Inner surfaces of bores requiring a high surface quality are mostly produced in three steps, that is preboring, finish boring, and honing.
Since honing is a very time consuming method attempts have been made to replace this honing step by a less time-consuming one.
The honing step has therefore been replaced by a step of smooth rolling or burnishing the inner surface of a tubular workpiece. In this way, the manufacture of high quality bores, as for instance required for cylinder bores of pneumatic or hydraulic cylinders, has been considerably reduced in cost. In principles, one can therefore divide the manufacture of such bores into a material removing step and a non-cutting finishing step.
The German patent 958,896 discloses a combined tool for carrying out these two steps in a single operation. Thereby it is assumed that the workpieces which are to be machined with such a combined tool are already provided with an internal bore, that is that the above-mentioned first step of preboring is already carried out before the tool is used.

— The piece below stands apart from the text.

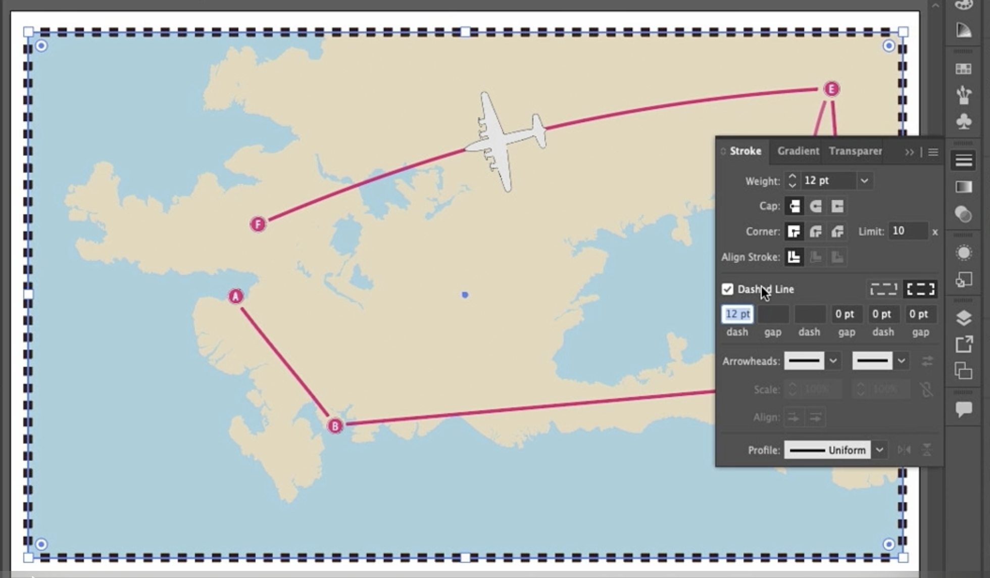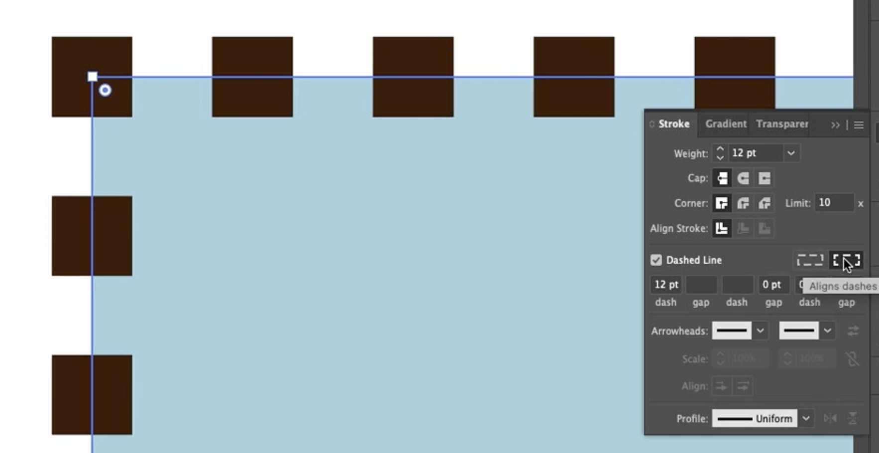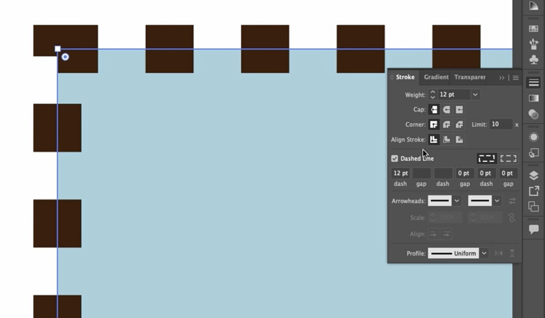 이를 살펴보기 위해, 지금부터 외곽선(stroke)에 대시선을 추가해 보겠습니다. Stroke 패널로 가서 Dashed Line을 체크하면 바로 대시선이 적용됩니다.
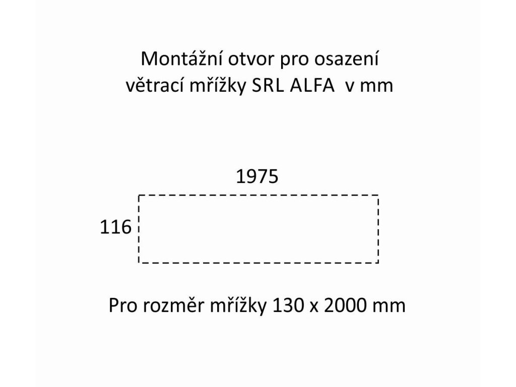 MONTÁŽ: délka montážního otvoru je o 25 mm kratší než je celková délka mřížky (tz.12,5 mm z každé strany ), šířka montážního otvoru je o 14 mm užší než je celková šířka mřížky (tj. 7 mm z každé strany).

Further developed tools of the aforementioned kind are disclosed in the German Offenlegungsschrift No. 2,209,234.
In these known tools, the boring head is rigidly connected with the trailing burnishing head. This combined tool is, for instance, during use in a known boring machine, rigidly connected with the boring bar. The tubular workpiece to be machined is mounted between two cones of a common boring machine and rotated by means of a driver. The precision boring head is provided with guide bars which abut against the inner surface of the bore formed in the cylinder to be machined. When the combined tool is advanced by the boring bar, the knives on the boring head will machine the preformed cylinder bore to a predetermined inner diameter. During further advance of the combined tool by means of the boring bar, the rollers of the burnishing head will engage the inner cylindrical surface of the workpiece and roll this surface smooth. The problem of properly removing the shavings produced by the combined tool is solved in accordance with the teachings of the mentioned German Offenlegungsschrift No. 2,209,234.
While properly removing of the chips or borings formed by the combined tool does not provide any difficulties any longer, the aforementioned described combined tool is, while being located in the bore to be machined, statically overdefined, which results in a considerable wear on the guide bars of the boring head. In addition, the thus-constructed tool is subjected to oscillations which leave marks on the surface to be machined, which are not completely eliminated by the subsequent rolling operation.
The combined precision boring and burnishing tool in which the boring head and the burnishing head are rigidly connected to each other is guided in the bore to be machined on the one hand by the guide bars of the boring head and on the other hand by the rolls of the burnishing head. The combined tool is, however, also rigidly connected with the boring bar which, on the one hand, is supported and guided at a portion distant from the tool in the stuffing box of an apparatus for feeding boring oil into the hollow bore bar and, on the other hand, by its connection with the combined tool through the rolls of the burnishing head. Due to misalignment between the axis of the workpiece and the axis of the machine tool on the one hand, and due to the considerable weight of the boring bar on the other hand, the latter, thus supported between two points may be bent in any plane. The connection between the combined tool and the boring bar is then, when the combined tool is located in the bore to be machined, subjected to bending and shearing forces. This will result in that the combined tool, located in the bore to be machined, will also be bent, in a direction opposite to the bending of the boring bar. This in turn will result into an undesired tilting of the cutting knives of the boring head and in addition in undesired change of the tearshaped impressions which the rolls of the burnishing head produce on the surface to be finished. The radial forces which the workpiece produces in the tool during bending of the combined boring and burnishing tool will also lead to a premature wear on the guide bars and on the burnishing rolls. The thus-produced force by the bent boring rod and by the bent tool onto the workpiece will often result in rifling and chattering conditions which cannot be properly suppressed.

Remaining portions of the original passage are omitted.